PROBLEM TO WORK ON: With the pictures left out, retype exactly the lines below starting at the line that contains "a model in preppy" and ending at the line that contains "2020年4月份,由中國物流".

PROVIDED ENTRIES: Begin

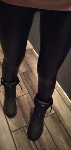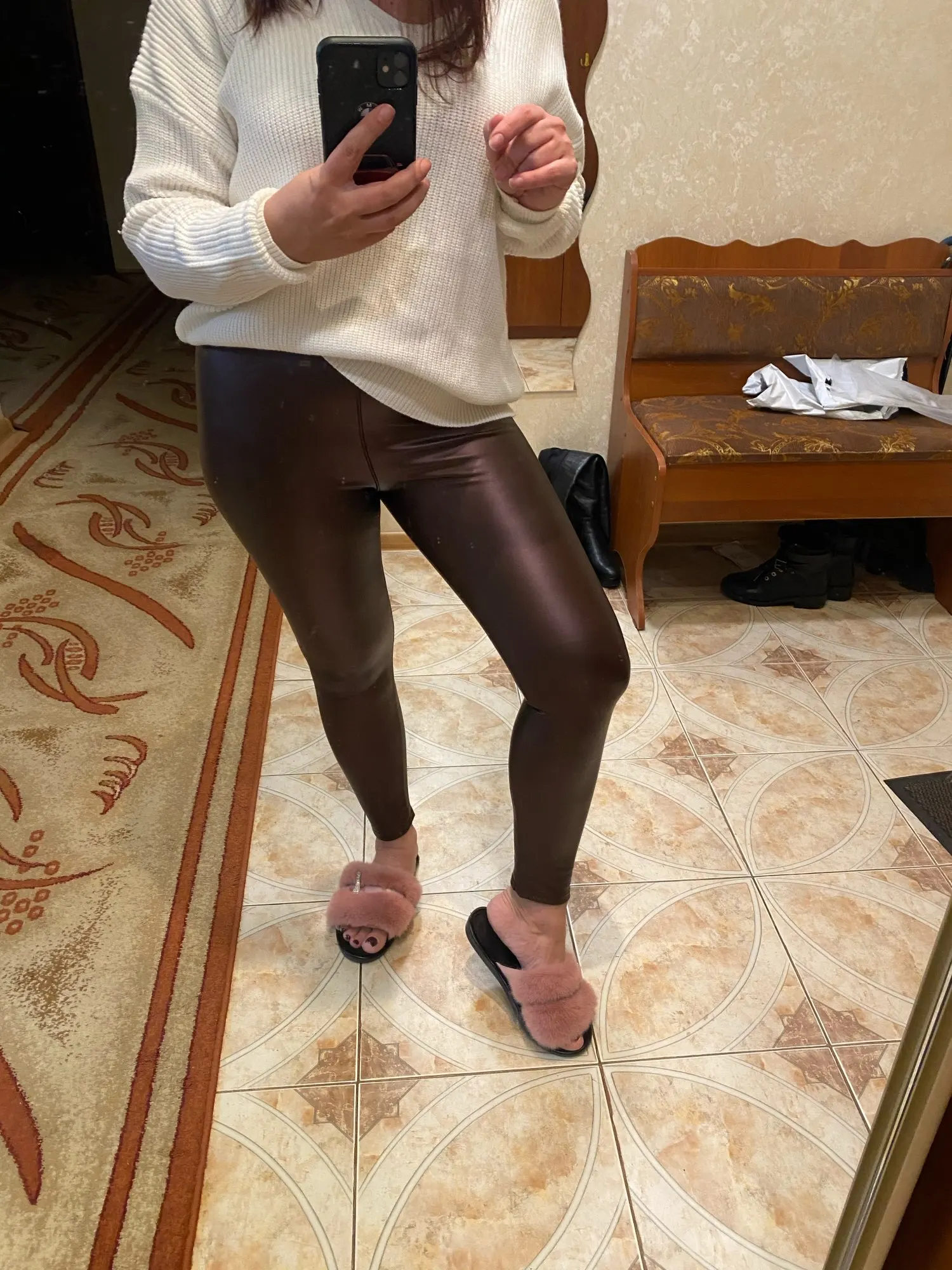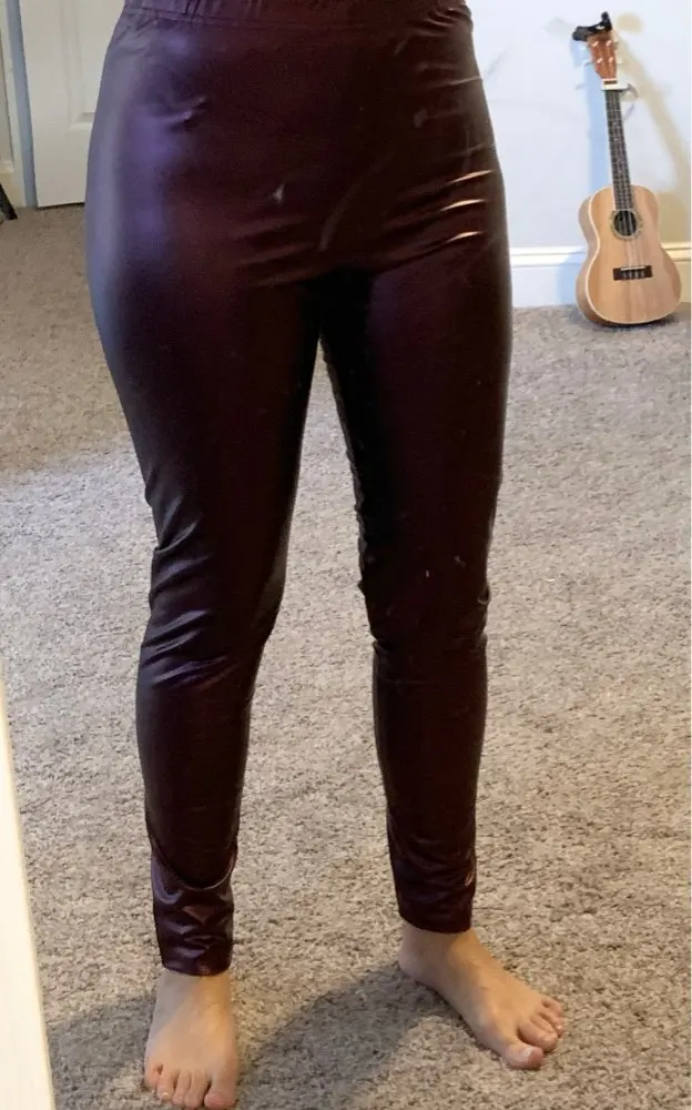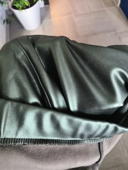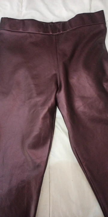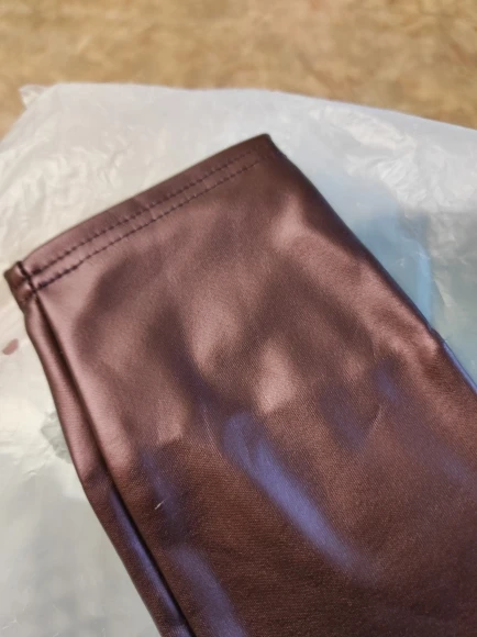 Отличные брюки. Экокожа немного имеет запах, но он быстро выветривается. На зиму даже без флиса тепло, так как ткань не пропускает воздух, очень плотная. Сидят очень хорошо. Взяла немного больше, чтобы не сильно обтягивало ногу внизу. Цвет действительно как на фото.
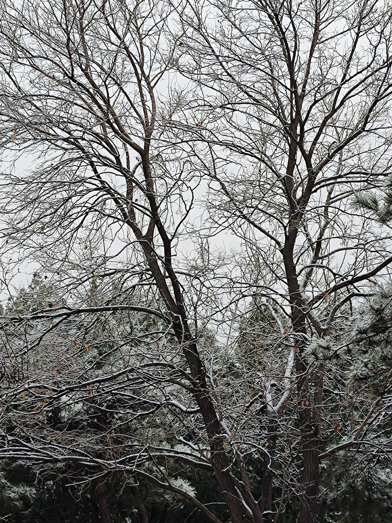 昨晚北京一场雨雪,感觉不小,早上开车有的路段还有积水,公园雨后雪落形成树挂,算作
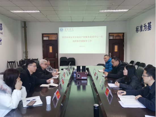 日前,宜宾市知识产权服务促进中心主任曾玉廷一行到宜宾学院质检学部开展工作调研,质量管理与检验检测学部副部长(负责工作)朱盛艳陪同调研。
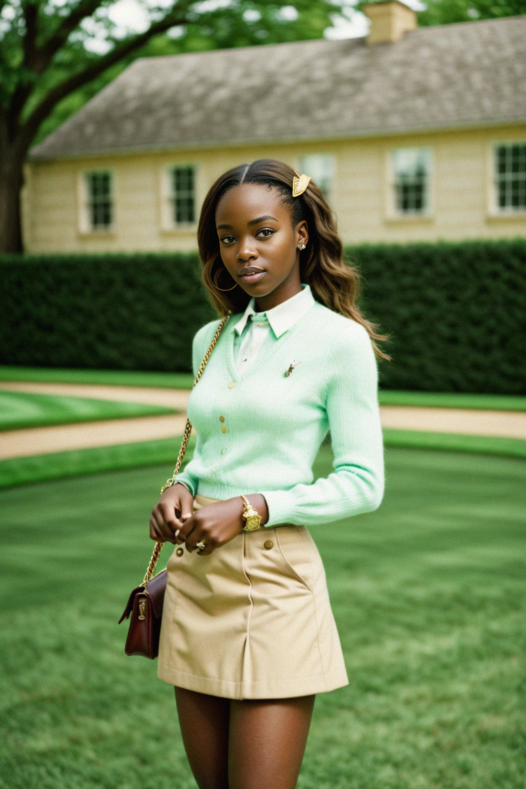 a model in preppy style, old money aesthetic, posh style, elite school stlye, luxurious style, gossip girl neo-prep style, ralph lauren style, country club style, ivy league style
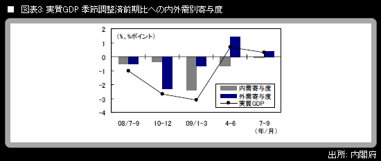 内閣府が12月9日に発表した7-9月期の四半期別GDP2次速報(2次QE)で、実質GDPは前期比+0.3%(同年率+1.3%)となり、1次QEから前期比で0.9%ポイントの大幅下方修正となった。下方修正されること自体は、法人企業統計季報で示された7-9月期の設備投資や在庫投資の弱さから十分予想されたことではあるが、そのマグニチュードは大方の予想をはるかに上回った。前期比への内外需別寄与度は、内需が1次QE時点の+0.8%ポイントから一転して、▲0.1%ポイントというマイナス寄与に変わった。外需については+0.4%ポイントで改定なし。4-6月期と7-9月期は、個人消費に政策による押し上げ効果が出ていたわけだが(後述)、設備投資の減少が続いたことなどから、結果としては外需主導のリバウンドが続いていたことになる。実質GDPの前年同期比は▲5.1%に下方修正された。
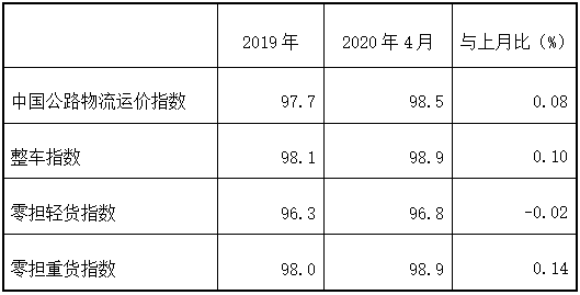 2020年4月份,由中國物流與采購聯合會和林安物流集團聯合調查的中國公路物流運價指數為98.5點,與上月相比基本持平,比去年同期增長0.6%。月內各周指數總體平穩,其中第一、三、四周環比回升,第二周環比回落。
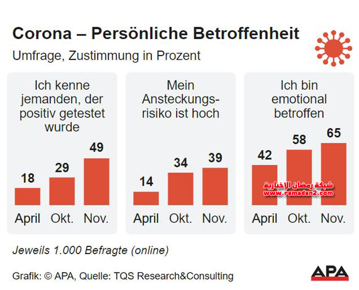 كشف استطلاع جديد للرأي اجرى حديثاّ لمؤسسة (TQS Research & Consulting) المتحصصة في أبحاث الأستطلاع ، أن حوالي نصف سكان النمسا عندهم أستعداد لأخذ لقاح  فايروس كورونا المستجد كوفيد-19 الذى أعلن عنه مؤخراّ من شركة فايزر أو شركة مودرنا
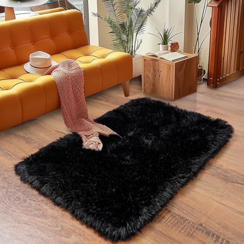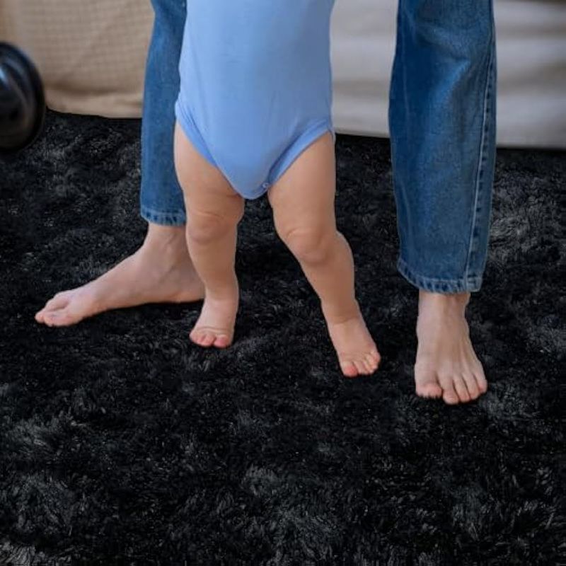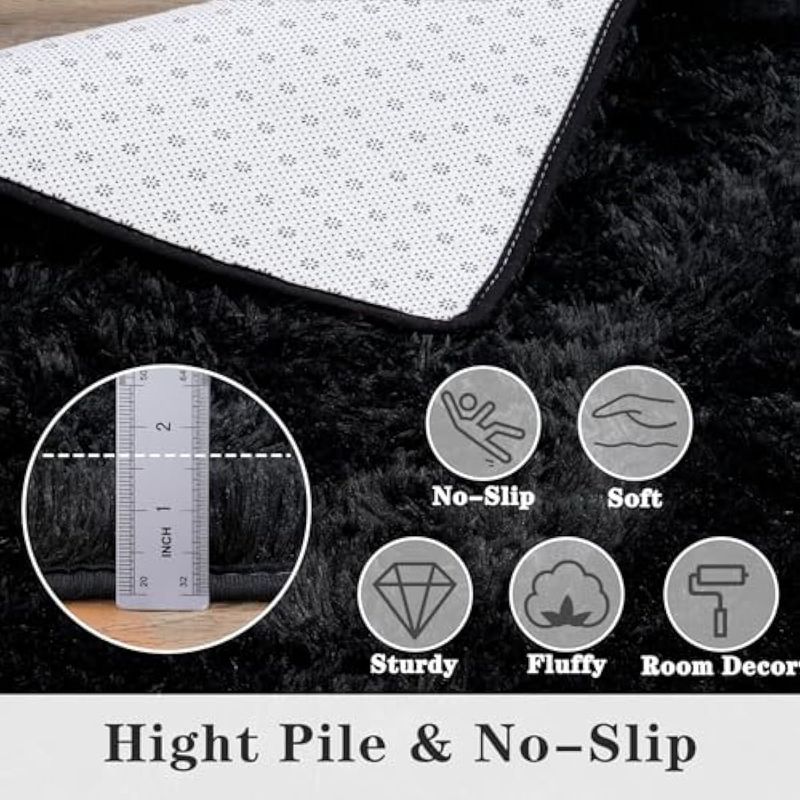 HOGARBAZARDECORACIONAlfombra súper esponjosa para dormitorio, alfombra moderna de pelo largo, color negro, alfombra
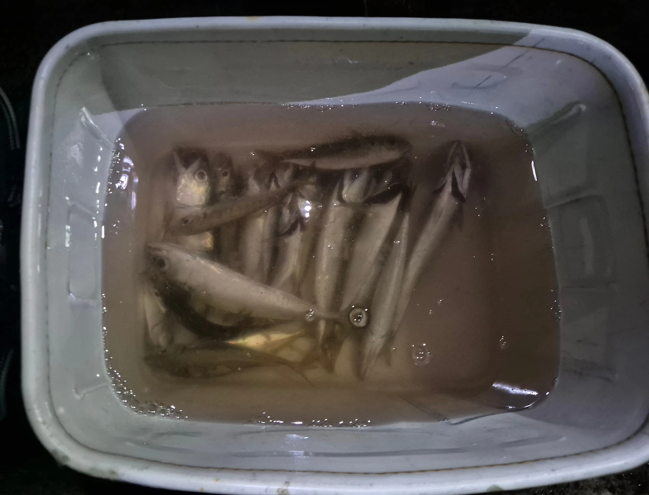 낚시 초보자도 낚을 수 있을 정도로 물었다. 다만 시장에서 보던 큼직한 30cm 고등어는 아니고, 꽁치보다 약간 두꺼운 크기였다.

PROVIDED ENTRIES: End

SOLUTION TO THE PROBLEM:
 a model in preppy style, old money aesthetic, posh style, elite school stlye, luxurious style, gossip girl neo-prep style, ralph lauren style, country club style, ivy league style
 内閣府が12月9日に発表した7-9月期の四半期別GDP2次速報(2次QE)で、実質GDPは前期比+0.3%(同年率+1.3%)となり、1次QEから前期比で0.9%ポイントの大幅下方修正となった。下方修正されること自体は、法人企業統計季報で示された7-9月期の設備投資や在庫投資の弱さから十分予想されたことではあるが、そのマグニチュードは大方の予想をはるかに上回った。前期比への内外需別寄与度は、内需が1次QE時点の+0.8%ポイントから一転して、▲0.1%ポイントというマイナス寄与に変わった。外需については+0.4%ポイントで改定なし。4-6月期と7-9月期は、個人消費に政策による押し上げ効果が出ていたわけだが(後述)、設備投資の減少が続いたことなどから、結果としては外需主導のリバウンドが続いていたことになる。実質GDPの前年同期比は▲5.1%に下方修正された。
 2020年4月份,由中國物流與采購聯合會和林安物流集團聯合調查的中國公路物流運價指數為98.5點,與上月相比基本持平,比去年同期增長0.6%。月內各周指數總體平穩,其中第一、三、四周環比回升,第二周環比回落。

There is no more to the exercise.